If you’re a software engineer or an ambitious professional, you’ve probably felt it: the job market is tougher, roles are shifting, and everywhere you look people are asking: “Will AI replace us?”

On top of that, we’re being constantly bombarded with new complex frameworks to learn, endless tools, new models each week, and tons of hype.

I get it. It’s stressful.

So you do what anyone would do. You open Google or YouTube and start searching for how to “build AI systems.”

Ten minutes later, you’re drowning in PhD papers, a dozen AI agent frameworks that all sound identical, obscure RAG architectures, and model fine-tuning tutorials. You start to think you’ve missed something. But you probably haven’t. You’ve just entered the noise.

I’ve been building large-scale software systems for 15+ years. If there’s one thing that experience teaches you, it’s that we (engineers) love complexity. We learn the hardest thing first and never get around to building something simple that works. We study multi-agent orchestration before we’ve written one reliable function call. We spend weeks on advanced retrieval strategies before we can build a simple agent.

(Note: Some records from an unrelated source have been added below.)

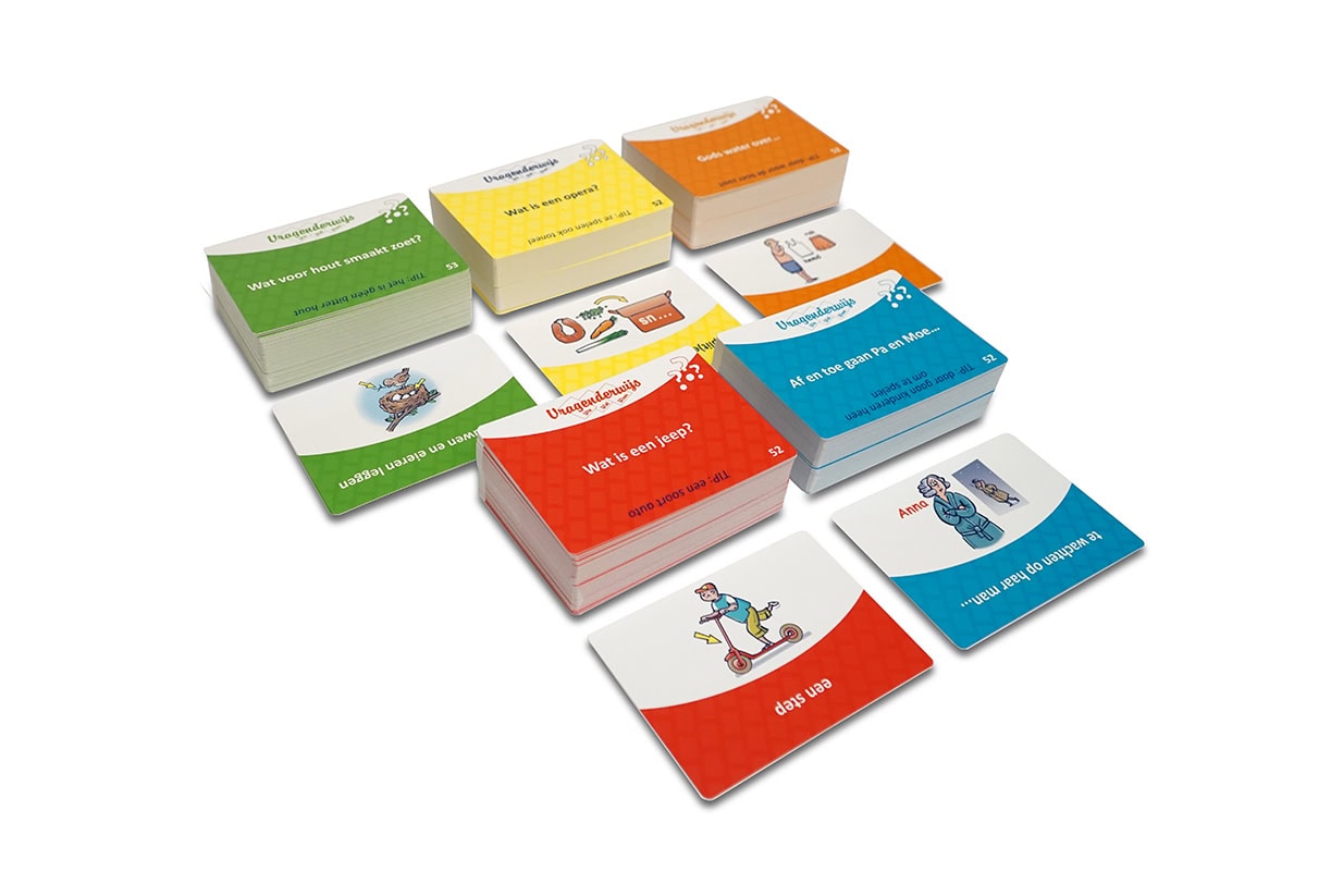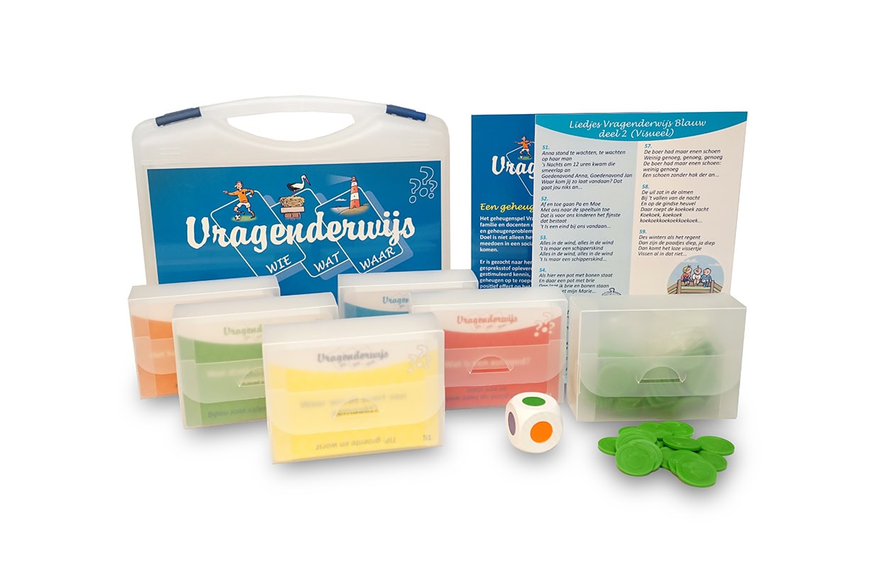Ook de serie Blauwe koffers ‘Vragenderwijs’ zijn een begrip in Nederland! Het geheugenspel Vragenderwijs Blauw Deel 2 Visueel biedt een handvat om mensen met concentratie- en geheugenproblemen op een plezierige manier te activeren. Vragenderwijs Blauw 2 Visueel bevat 350 kaarten met vragen verdeeld over vijf verschillende thema’s. De vragen staan in grote letters op de stevige, professioneel gelamineerde kaarten. De sets met vragen in de Blauwe koffers zijn veel makkelijker dan de vragen in de Rode koffers! Sinds de Blauwe serie koffers afgelopen jaren is vernieuwd bevatten de kaarten met vragen illustraties (op de achterzijde). Daardoor zijn nieuwe werkvormen mogelijk, zoals bijvoorbeeld associëren op de tekeningen. Doordat er zowel makkelijke als ets moeilijkere vragen zijn, is differentiatie mogelijk. Dat maakt de Blauwe koffer Vragenderwijs ook interessant voor andere doelgroepen, zoals mensen met een beperking.
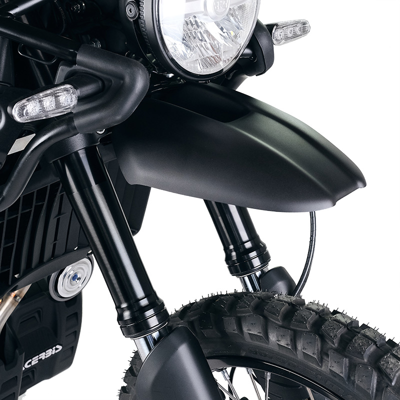 NB: este KIT le permitirá transformar su Himalayan 450 como la moto de la foto, el kit de tubería de freno necesario para quitar el guardabarros delantero bajo NO está incluido en el KIT y se puede comprar por separado (código 3822).
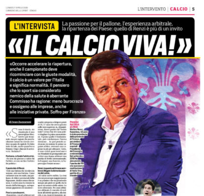 L'edizione odierna del "Corriere dello Sport" riporta le dichiarazioni di Matteo Renzi, leader di Italia Viva: "La cosa che mi...
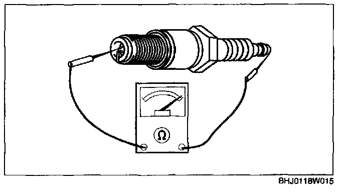 1. Measure the resistance of the spark plug using a tester as shown in the figure.
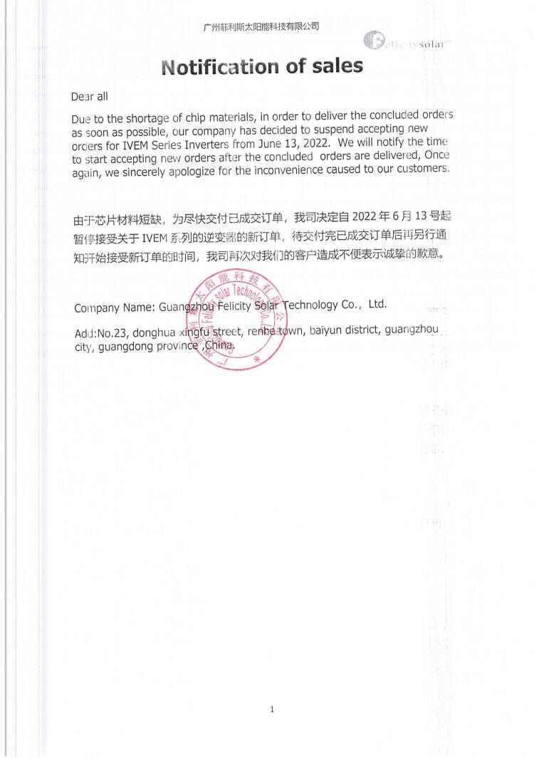 由于芯片材料短缺,为尽快交付已成交订单,我司决定自2 022年6月13号起暂停接受关于IVEM系列的逆变器的新订单,待交付完已成交订单后再另行通知开始接受新订单的时间,我司再次对我们的客户造成不便表示诚挚的歉意。
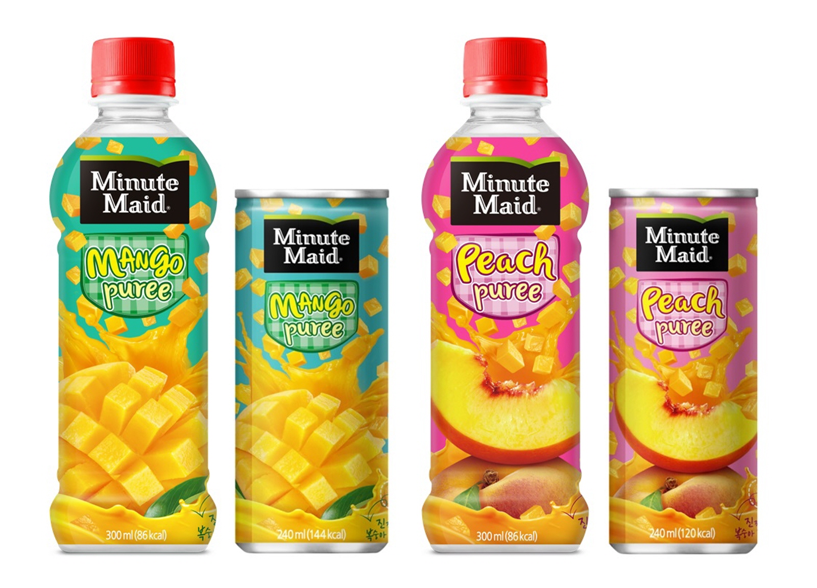 ‘미닛메이드 망고 퓨레’, ‘미닛메이드 복숭아 퓨레’ 제품은 편의점과 할인점, 체인점, 식품점에서 만나볼 수 있으며 가격은 240ml 캔 1000원, 300ml 페트 1600원이다.
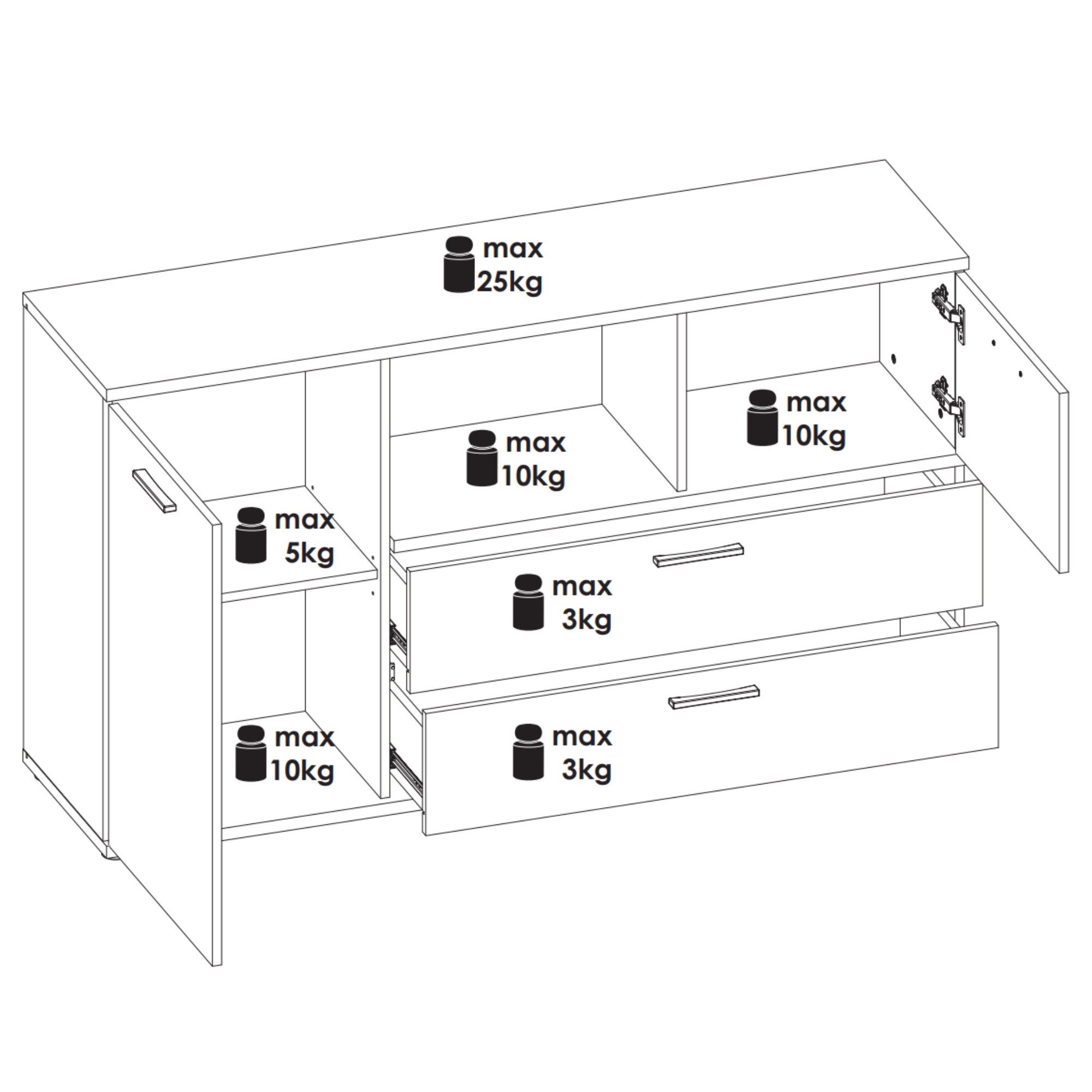Úložný priestor zahŕňajú otvorené priehradky, jedna vnútorná polica za dvierkami a dve zásuvky. Manipulovať s dvierkami a zásuvkami vám navyše uľahčí mechanizmus tichého zatvárania SOFT CLOSE. Povrch komody sa vyznačuje jednoduchou údržbou.
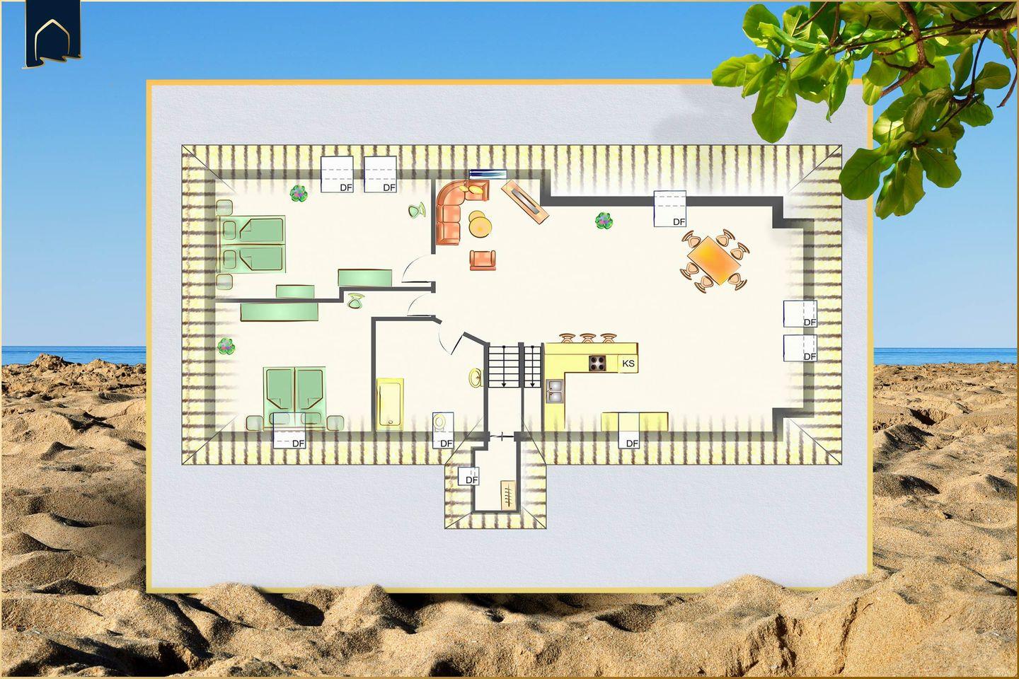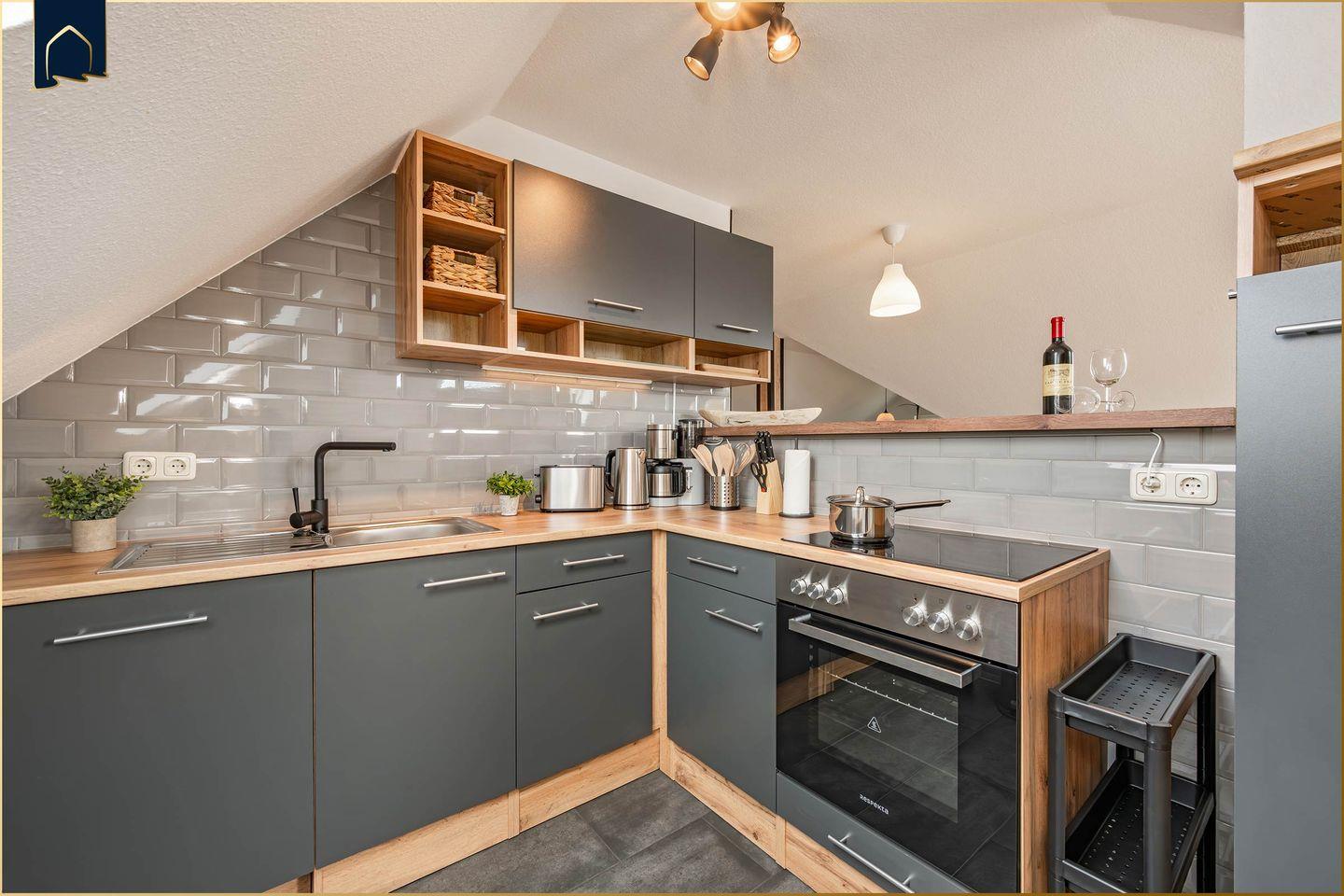 Die vollständig ausgestattete Küche ermöglicht eine unkomplizierte Selbstversorgung während Ihres Aufenthalts. Ob gemütliches Frühstück vor dem Strandbesuch oder ein gemeinsames Abendessen – hier finden Sie alles, was Sie für Ihren Urlaub benötigen.
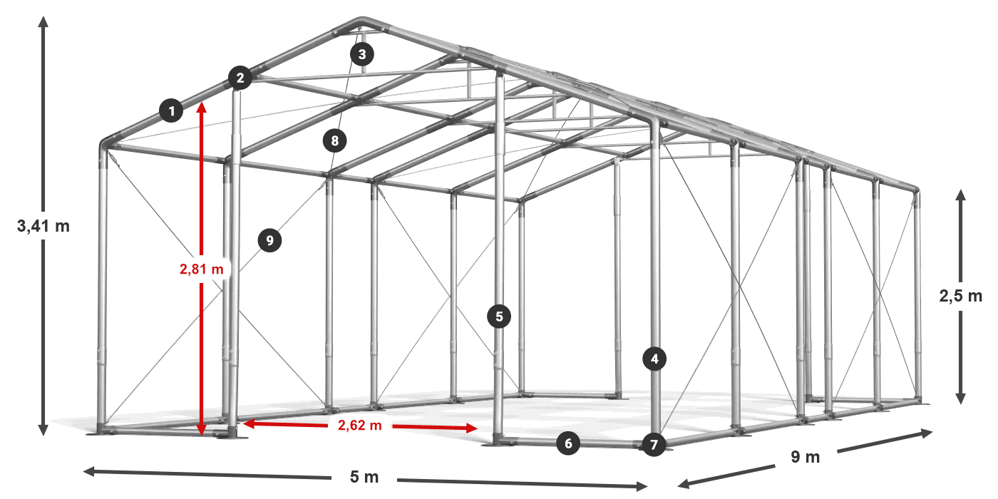 Silné opláštenie s osvetľujúcimi oknami umožňuje garáž vozidiel, skladovanie tovaru a vykonávanie prác týkajúcich sa montáže. Tvrdý -to -terpaulinný placht vyrobený z PVC je vodotesný, tesný a odolný voči UV žiareniu. V suchom a zatienenom skladovom stane môžeme skladovať plodiny, stavebné materiály a suroviny. Okná okrúhle osvetlenie poskytujú prirodzené svetlo. Plarpaulín má systém rýchlej zmeny dĺžky Multi-size.
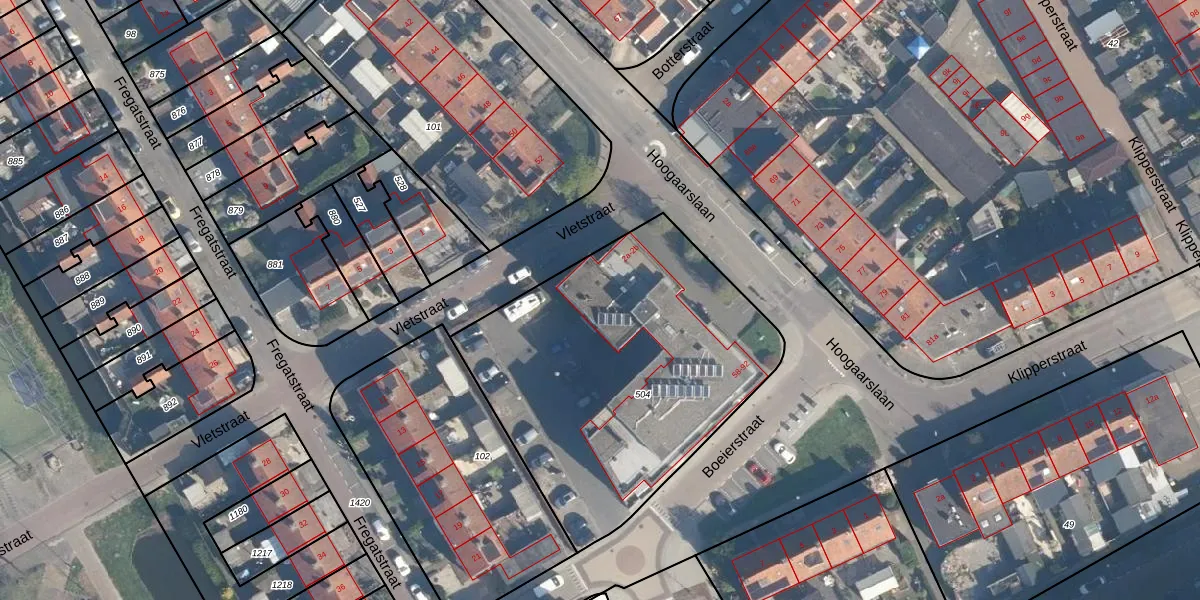 Vletstraat 2-b is gelegen op kadastraal perceel LKL00C504. Deze kadastrale aanduiding is uniek en wordt gebruikt door het Kadaster om eigendomsrechten en andere zakelijke rechten vast te leggen. Het perceel maakt onderdeel uit van de kadastrale gemeente Nieuw-Lekkerland.
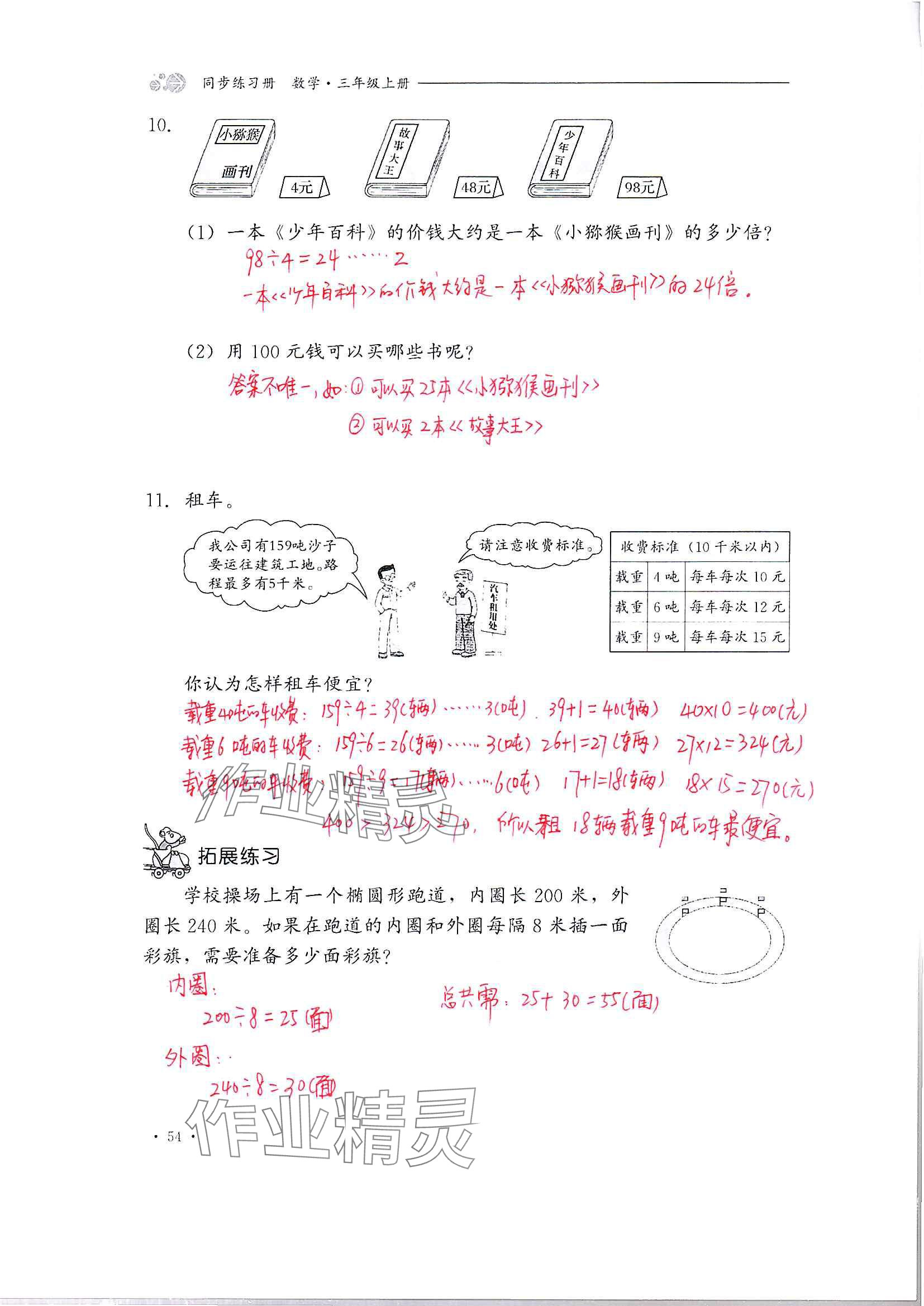 注:目前有些书本章节名称可能整理的还不是很完善,但都是按照顺序排列的,请同学们按照顺序仔细查找。练习册 2024年同步练习册河北教育出版社三年级数学上册冀教版 答案主要是用来给同学们做完题方便对答案用的,请勿直接抄袭。

If I started learning AI today, I’d ignore almost all of that and start with what actually leads to working systems. Not the most impressive path - the most effective one.

Flip the Ratio

Most people spend 80% of their time learning advanced techniques and 20% learning the fundamentals. That’s exactly backwards.

You can build most useful AI systems with basic skills. Businesses don’t need exotic architectures. They need software that solves real problems reliably. Most AI systems are just regular software systems that happen to call LLMs.

Good engineering still matters more than anything else. Secure APIs, solid error handling, logging, testing, observability. The AI part is often a few API calls wrapped in the same principles that have worked for decades. Engineers who understand this build faster and ship more.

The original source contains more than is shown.